Healthcare & Life Sciences Research, IBM TJ Watson Research Center, 1101 Kitchawan Road, Yorktown Heights, New York 10598, United States.
J Chem Inf Model. 2020 Sep 28;60(9):4170-4179. doi: 10.1021/acs.jcim.9b00927. Epub 2020 Mar 3.
We present a simple, modular graph-based convolutional neural network that takes structural information from protein-ligand complexes as input to generate models for activity and binding mode prediction. Complex structures are generated by a standard docking procedure and fed into a dual-graph architecture that includes separate subnetworks for the ligand bonded topology and the ligand-protein contact map.

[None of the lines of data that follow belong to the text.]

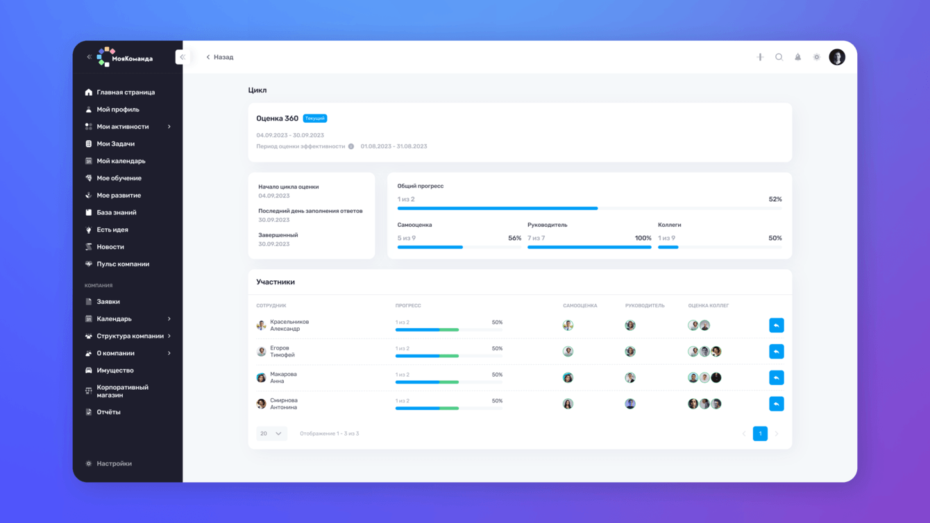 — Оценка 360, которая позволит настраивать оценочные циклы с учетом области интереса и компетенции, выявлять потенциал и точки роста, а также обсуждать результаты и планы развития талантов сотрудника.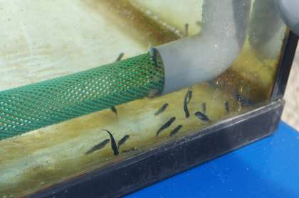 18日(水)、朝、恩二小は気温が「−5度」でした。心配したヤマメの水槽も、水があふれないで排水していました。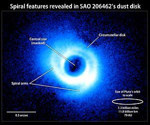 For more than four hundred years, astronomers have used telescopes to study the great variety of stars in our galaxy. Millions of distant suns have been catalogued. There are dwarf stars, giant stars, dead stars, exploding stars, binary stars; by now, you might suppose that every kind of star in the Milky Way had been seen. That's why a recent discovery is so surprising. Researchers using the Subaru telescope in Hawaii have found a star with spiral arms. The name of the star is SAO 206462. It's a young star more than four hundred light years from Earth in the constellation Lupus, the wolf. SAO 206462 attracted attention because it has a circumstellar disk--that is, a broad disk of dust and gas surrounding the star. Researchers strongly suspected that new planets might be coalescing inside the disk, which is about twice as wide as the orbit of Pluto. When they took a closer look at SAO 206462 they found not planets, but arms. Astronomers have seen spiral arms before: they're commonly found in pinwheel galaxies where hundreds of millions of stars spiral together around a common core. Finding a clear case of spiral arms around an individual star, however, is unprecedented1. The arms might be a sign that planets are forming within the disk. "Detailed computer simulations have shown us that the gravitational pull of a planet inside a circumstellar disk can perturb gas and dust, creating spiral arms," says Carol Grady, an astronomer with Eureka Scientific, Inc., who is based at NASA's Goddard Space Flight Center. "Now, for the first time, we're seeing these dynamical features." Grady revealed the image to colleagues on Oct. 19th at a meeting at Goddard entitled Signposts of Planets. Theoretical models show that a single embedded planet may produce a spiral arm on each side of a disk. The structures around SAO 206462, however, do not form a matched pair, suggesting the presence of two unseen worlds, one for each arm. Grady's research is part of a five-year international study of newborn stars and planets using the giant 8.2 meter Subaru Telescope. Operated by the National Astronomical Observatory of Japan, Subaru scans the heavens from a perch almost 14,000 feet above sea level at the summit of the Hawaiian volcano Mauna Kea. From there it has a crystal-clear view of innumerable young stars and their planet-forming disks throughout the Milky Way. "What we're finding is that once these systems reach ages of a few million years-that's young for a star--their disks begin to show all kinds of interesting shapes," says John Wisniewski, a collaborator at the University of Washington in Seattle. "We've seen rings, divots, gaps--and now spiral features. Many of these structures could be caused by planets moving within the disks." However, it is not an open and shut case. The research team cautions that processes unrelated to planets might give rise to these structures. Until more evidence is collected--or until the planets themselves are detected--they can't be certain. Whatever the cause of the arms, their reality is undeniable and the great catalogue of stars has one more type. Stay tuned to science@nasa for future entries.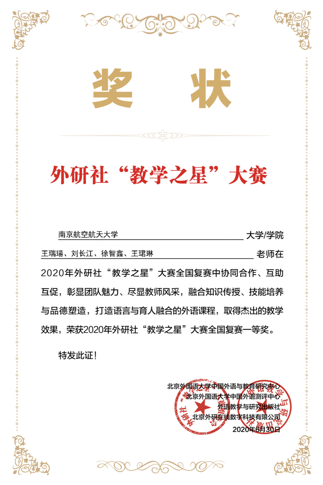教育教学改革实现新发展。学院研讨确定大学英语教育新态势,明确大学英语教育方向,推进教育教学改革。深化教育教学改革,探索线上线下混合教学模式,实行基础系列课程包班上课机制。目前,正在深化“学术英语”,探索“工程英语”。近五年,获批省级以上教改项目3项,江苏高校外语教育“课程思政与混合式教学”专项课题2项。持续课程教材建设。“中国概况(英文)”获批江苏省来华留学生英文授课精品课程、江苏高校外国留学生英文授课省级精品课程,“科技英语翻译”获批江苏省在线开放课程;《China Today》获批中宣部“新中国成立70周年外文图书项目”;江苏省高等学校重点教材《新指南跨文化教育英语》、校十三五教材《研究生英语阅读教程》《新编法国概况》等10部教材出版。

Recent work has indicated that data set bias drives many past promising results derived from combining deep learning and docking. Our dual-graph network allows contributions from ligand identity that give rise to such biases to be distinguished from effects of protein-ligand interactions on classification. We show that our neural network is capable of learning from protein structural information when, as in the case of binding mode prediction, an unbiased data set is constructed. We next develop a deep learning model for binding mode prediction that uses docking ranking as input in combination with docking structures. This strategy mirrors past consensus models and outperforms a baseline docking program (AutoDock Vina) in a variety of tests, including on cross-docking data sets that mimic real-world docking use cases. Furthermore, the magnitudes of network predictions serve as reliable measures of model confidence.
我们提出了一种简单的、基于图的模块化卷积神经网络,它将蛋白质-配体复合物的结构信息作为输入,生成用于活性和结合模式预测的模型。复杂结构是通过标准对接程序生成的,并输入到一个双图架构中,该架构包括配体结合拓扑和配体-蛋白质接触图的独立子网。最近的研究表明,数据集偏差驱动了许多过去从深度学习和对接相结合中得出的有前途的结果。我们的双图网络允许区分导致这种偏差的配体身份的贡献与蛋白质-配体相互作用对分类的影响。当构建无偏数据集时,例如在结合模式预测的情况下,我们表明我们的神经网络能够从蛋白质结构信息中学习。接下来,我们开发了一种用于结合模式预测的深度学习模型,该模型将对接评分作为输入与对接结构结合使用。这种策略反映了过去的共识模型,并在各种测试中表现优于基线对接程序(AutoDock Vina),包括模拟真实对接用例的交叉对接数据集。此外,网络预测的幅度可以作为模型置信度的可靠度量。